Separately, the virtual reality flight from Teterboro to Paris was a great experience. As VR gets better I am wondering why any American will work. Why not chill out in the (means-tested public) house, tour the world’s most beautiful places by VR, play games with friends by VR, and get off the sofa only either to (1) use one’s EBT card to pick up some free-range carrots at the local Whole Foods, or (2) use Medicaid to see a physician regarding a sore “VR butt”?

5 thoughts on “Cessna Longitude

  1. My current dream airplane is Cessna’s Latitude, for a mere $16M. Cessna engineers smartly started with their proven Sovereign (great runway performance and perfect safety record) then put a taller/wider/shorter cabin on it. The result 6ft tall of comfortable seating for 6 (+ 2 in a divan), and a big lav that passes the wife test. Shared systems + wings + engines + cockpit from the Sovereign simplify type ratings for the many existing Sovereign pilots. With 6 skinny passengers it can even reach Hawaii or Europe.

  2. Looks more like a way to trap us into looking at kid photos. The generation that invented the blog is now trapping us into kid photos.

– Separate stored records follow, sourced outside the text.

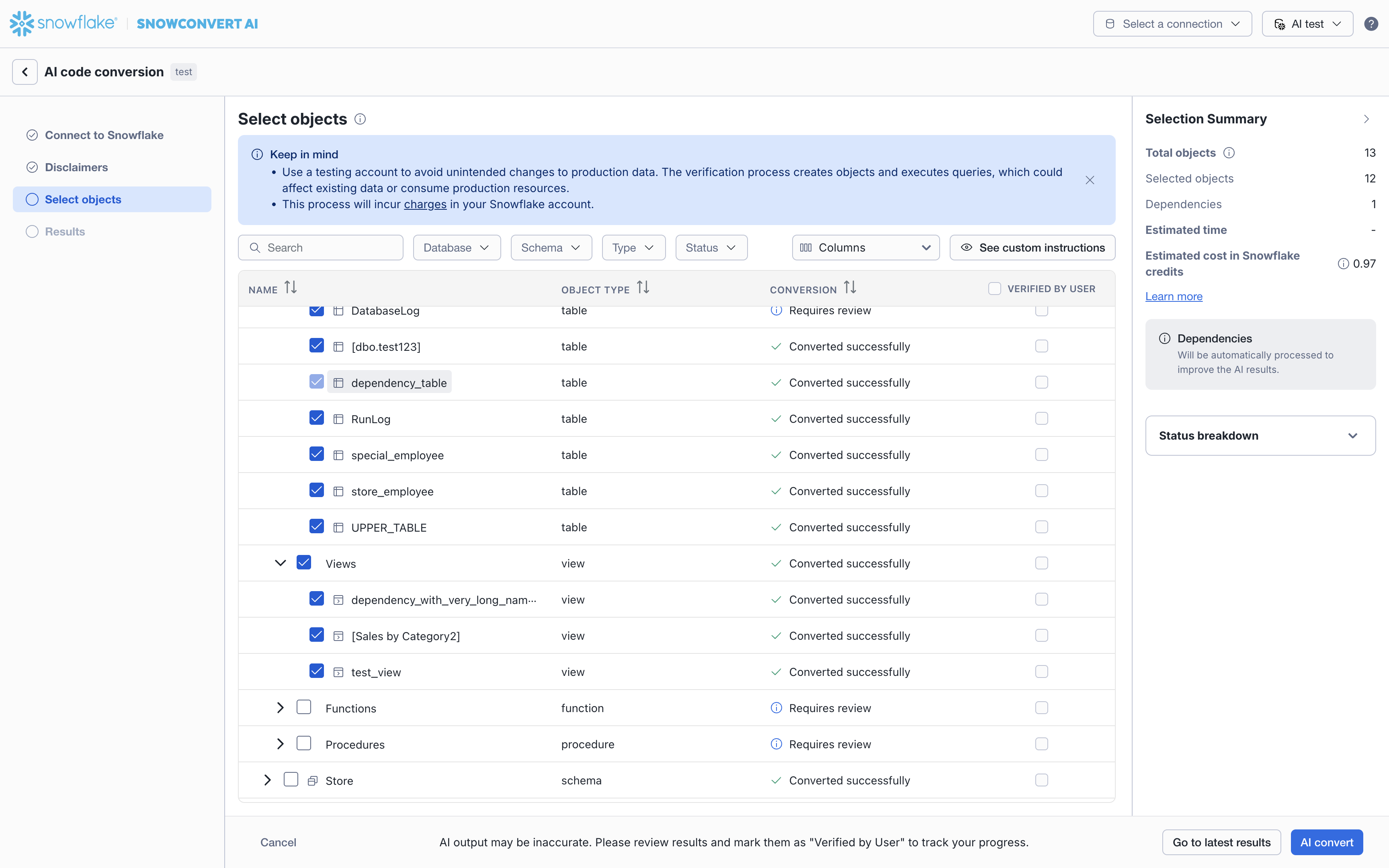 Select AI Convert. SnowConvert AI connects to your Snowflake account, where it relies on Cortex AI Functions to review your code and suggest resolutions to any problems. AI code conversion might take a few minutes to start, and it might run for several minutes or hours depending on the complexity of the code being verified.
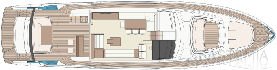 The best-loved Riva sport-fly of recent years proposes new aesthetic solutions combined with unprecedented design and functional features for an increasingly sporty, elegant and high-performance yacht.
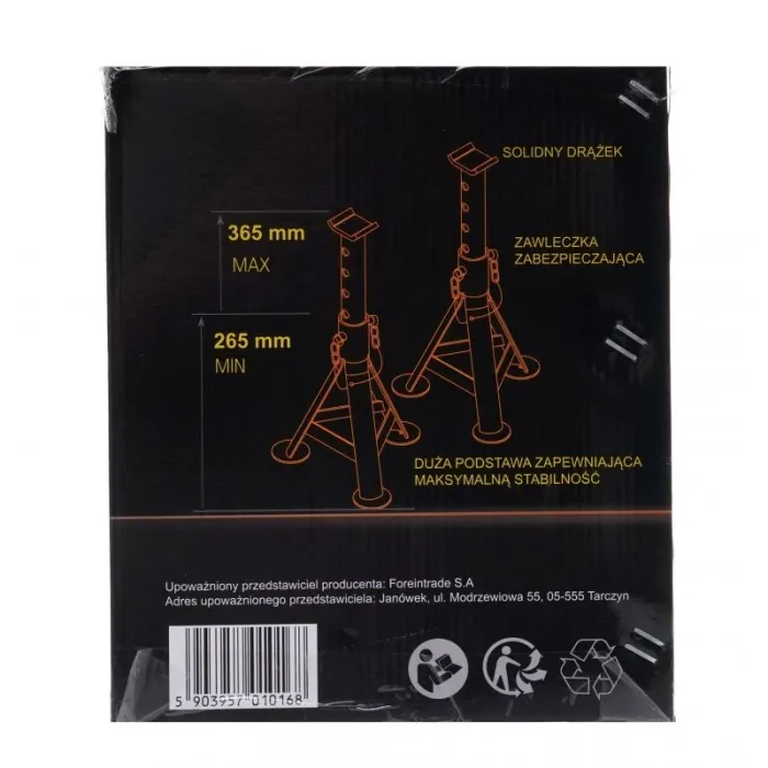 Трикракият дизайн с вътрешни подложки ефективно предотвратява потъването в земята при работа под товар. Те разполагат с тристепенно регулиране на височината, което ви позволява лесно да настроите седалката до желаната позиция. Предпазителна игла предотвратява случайно изплъзване на лоста и значително повишава безопасността при работа. Стойките са с максимална товароносимост 2 тона са изработени от висококачествена стомана, устойчива на механични повреди, огъване и химикали за работилницата. Те ще осигурят стабилно повдигане при всякакви условия.
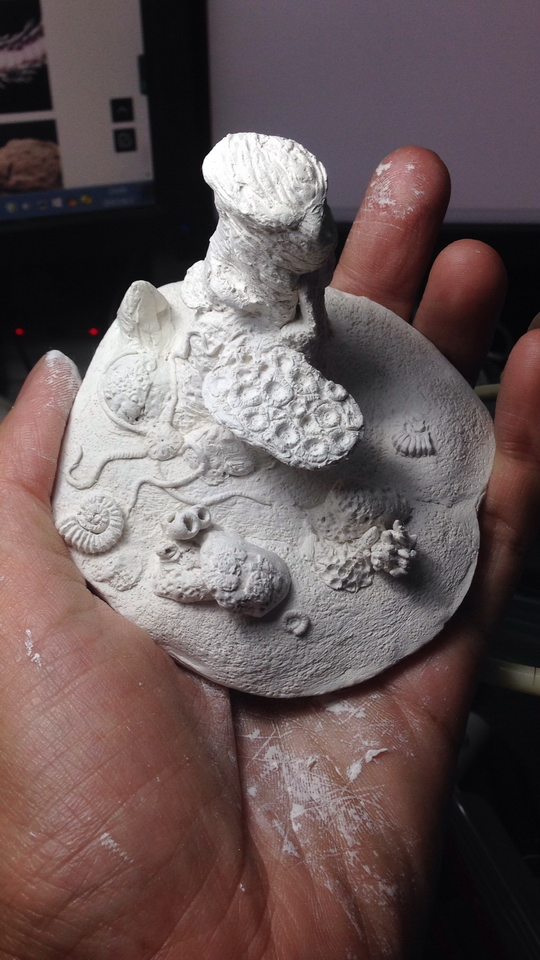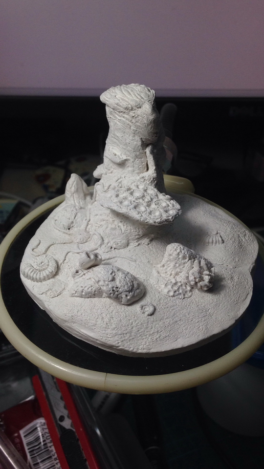 依照设计,底座没打算很多元素(做珊瑚要累死人,还不好翻模)也就大致做了一个环境,稍微布置了一点珊瑚礁、棘皮动物、鹦鹉螺、贝壳等海底生物。
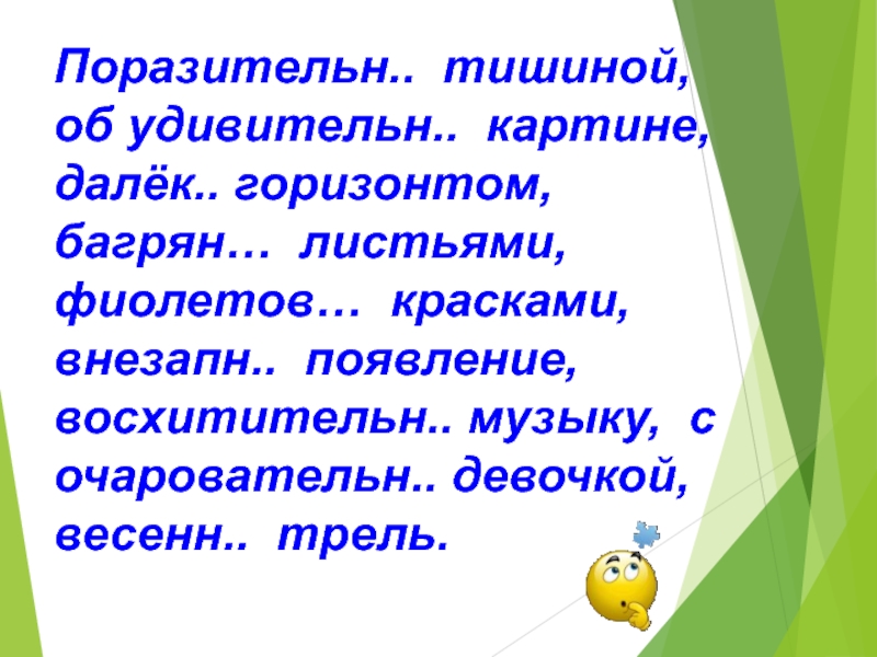 Слайд 4Поразительн.. тишиной, об удивительн.. картине, далёк.. горизонтом, багрян… листьями, фиолетов… красками,
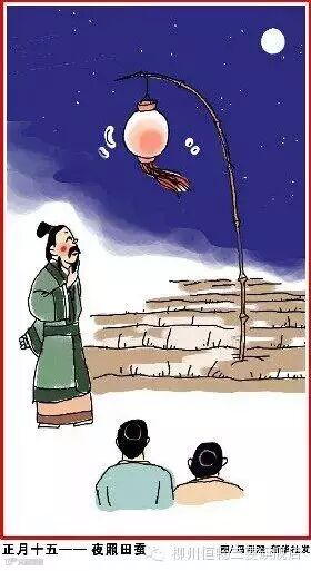 正月十五,夜照田蚕(神)。观颜色判断一年的丰歉,后演化为元宵节观灯。
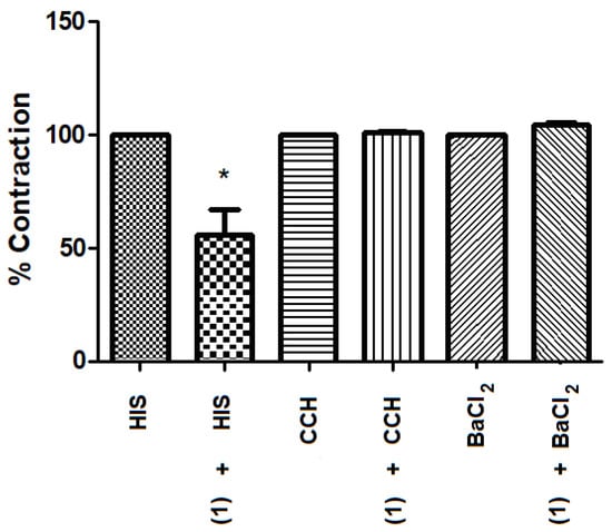 1 at a concentration of 10 µM. It is known that histamine-induced contraction of intestinal smooth muscle via stimulation of H1-receptors. The results may suggest an antihistamine effect of the tested compound. The presence of the test compound did not significantly alter the contractions of the small intestine after administration of carbachol or barium chloride (
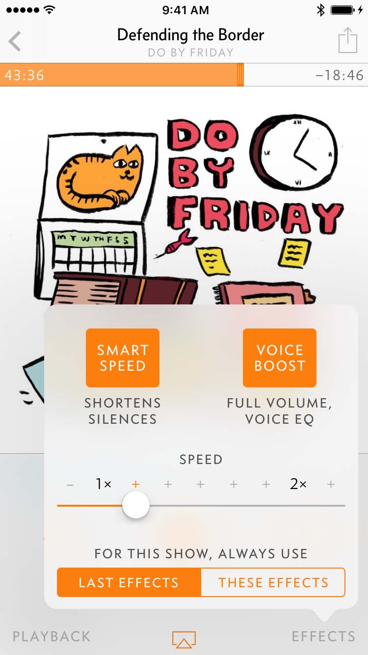 Я думаю, что это будет наиболее спорное изменение в Overcast 3, так как оно замедлит воспроизведение, но я обнаружил, что работает оно заметно лучше и более последовательно — большинство людей привыкает к новому управлению за пару дней, а приложение становится более простым в использовании для всех.
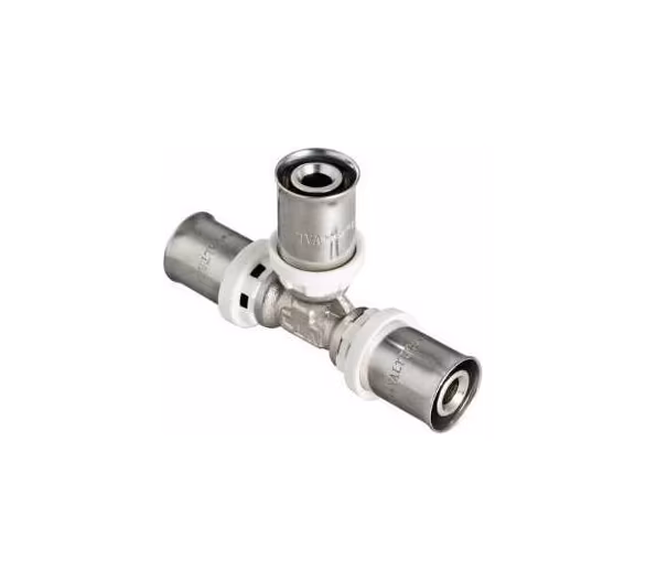 Корпус выполнен из сантехнической латуни марки CW617N, уплотнительные кольца штуцеров – из EPDM плотностью 1,22 г/см3, пресс-гильзы – из нержавеющей стали. Нейлоновая обойма выполняет функции фиксатора гильзы, направляющей для пресс-насадок и диэлектрической прокладки, прерывающей контакт между алюминием трубы и латунью корпуса. Конструкция пресс-фитингов VALTEC обеспечивает повышенную пропускную способность, надежность соединений, прочность и термостойкость. Монтаж фитинга производится пресс-инструментом с насадкой «ТН».
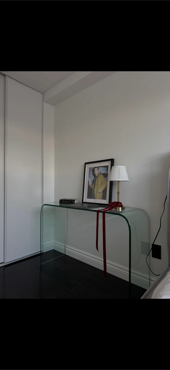 A sleek console table with a modern curved design. It's made entirely of clear glass. This table is a great accent piece for entryways or living rooms.
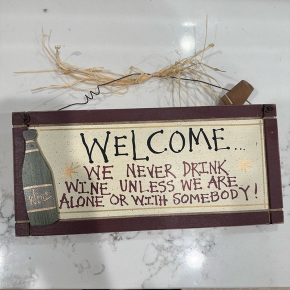 Charming wooden sign with a wine theme. Perfect for home decor. Features a bottle, cork and funny welcoming message.
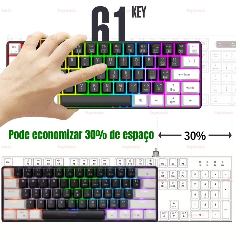 🎉Olá Bem-vindo(a) à DYNAMIC loja . Siga-nos, avisaremos o mais breve possível sobre novos produtos e promoções. ☑️Temos tudo o que você deseja aqui com uma variedade de produtos. ☑️ Temos ótimos pregos, qualidade e servico. ☑️Todos os produtos estao em pronta entrega. Enviaremos dentro de 24 horas após contar o pagamento. Sua satisfacäo é nossa prioridade e esperamos poder te oferecer um servico 5 estrelas. eTenha ótimas compras! 😙 Se tiver alguma dúvida contacte-nos, responderemos atempadamente 🔴Características do produto 【Design compacto clássico de 60%】 Este teclado gamer de 60% tem o tamanho perfeito para todos os ambientes, jogos de viagem de negócios, uso doméstico no escritório, não requer teclado numérico, é mais prático para jogadores e digitadores e oferece mais espaço para sua área de trabalho. 【Design ergonômico e toque mecânico】 A altura do teclado do mini teclado gamer é projetada de acordo com a ergonomia e não é fácil se cansar após uso prolongado. Usando tecnologia mecânica de imitação avançada, um dos recursos atraentes é a sensação mecânica. Ele também pertence a um teclado gamer de membrana relativamente silencioso. 【Efeito de luz de fundo RGB legal】 O teclado RGB de 60% inclui 6 efeitos de luz de fundo e 8 trocas de cores de luz de fundo. Diferentes configurações RGB enriquecem seu tempo de digitação. A velocidade e o nível de iluminação também podem ser ajustados de acordo com suas necessidades. Agora, as teclas são atualizadas para moldagem por injeção de duas cores e os caracteres são transparentes e luminosos. 【Personalidade Simples e Elegante】 Para alguns teclados pequenos, se você estiver cansado da monotonia, você pode escolher este estilo clássico preto e branco elegante e maduro. Além disso, o cabo destacável torna este teclado portátil para jogos simples e conveniente de conectar. 🔴Especificações: - Tipo: Teclado com fio RGB - Modelo: G61 - Tamanho: 288,5*101*34mm - Modo de luz: RGB - Voltagem: <5V±0,5V - Corrente: <100mA 🔴Inclusos: 1 * Teclado 1 * Cabo de carregamento 1 * Manual de instruções
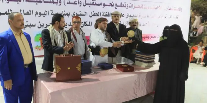 واختتم الحفل بتكريم عدد من القيادات النسوية والنساء الرائدات في المجتمع، في خطوة تهدف إلى دعم وتشجيع المرأة وتحفيزها على المزيد من العطاء والمبادرات. كما تم افتتاح بازار للمنتجات النسوية والأسر المنتجة. ويتيح للنساء عرض مشاريعهن وإبراز إبداعاتهن ويعزز استقلال المرأة اقتصادياً. بالإضافة إلى ذلك، يحفز مشاركتهن المجتمعية في المحافظة، في وقت تظل نساء مناطق الحوثيين محرومات من مثل هذه الفرص الأساسية.
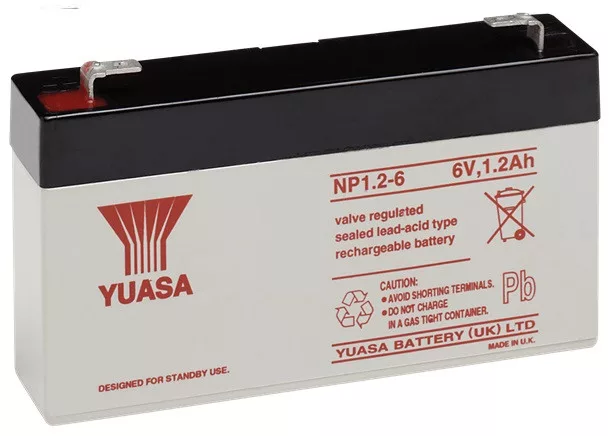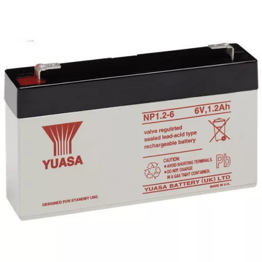 A YUASA NP1.2-6 6V 1,2Ah AGM (Absorbent Glass Mat) technológiával gyártott karbantartás mentes ólomsavas zselés akkumulátor. Kiváló minőség és megbízhatóság a jellemzője. Az ólomlemezek és elektrolit megbízható tápellátást biztosítanak a legtöbb feszültségtámogatási rendszernek, például az UPS-nek vagy a vészhelyzeti áramellátásnak. Rendkívül erős teljesítmény-visszanyerő tulajdonság, alacsony önkisülési jellemző így számos pozícióba telepíthető mint pl. riasztórendszerek, távközlési berendezések, védelmi rendszerek, orvosi felszerelés...stb.
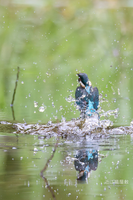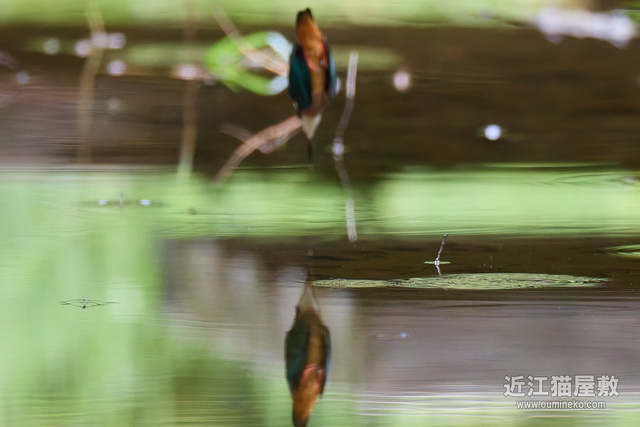 水面に写りこむカワセミの姿、一応まともなのが1枚は撮れて一安心。

  3. Lion: If the photos are coming from my phone, your alternatives are (1) kid photos, or (2) golden retriever photos. Old people are boring!

  4. A friend who is a pilot for a wealthy individual is in the process of selling a Learjet 45 in order to purchase a new Latitude.

    The owner liked the Cessna cabin a lot, and was getting tired of the high maintenance costs associated with his Learjet.

    The pilot was extremely impressed with the cockpit, engines, and flight controls. During the demo flight in cruise flight with the boss in the cabin the demo pilot pulled an engine to idle.

    The airplane slowed down, but there was no perceptible yaw or pitch, the boss had no idea that they had just ‘lost’ an engine.

  5. The Cessna Latitude can make it to Hawaii? I thought a plane needed more than a few hundred miles of buffer in its range to reliably make it to Hawaii? Maybe something like a G2, with 4k miles of range.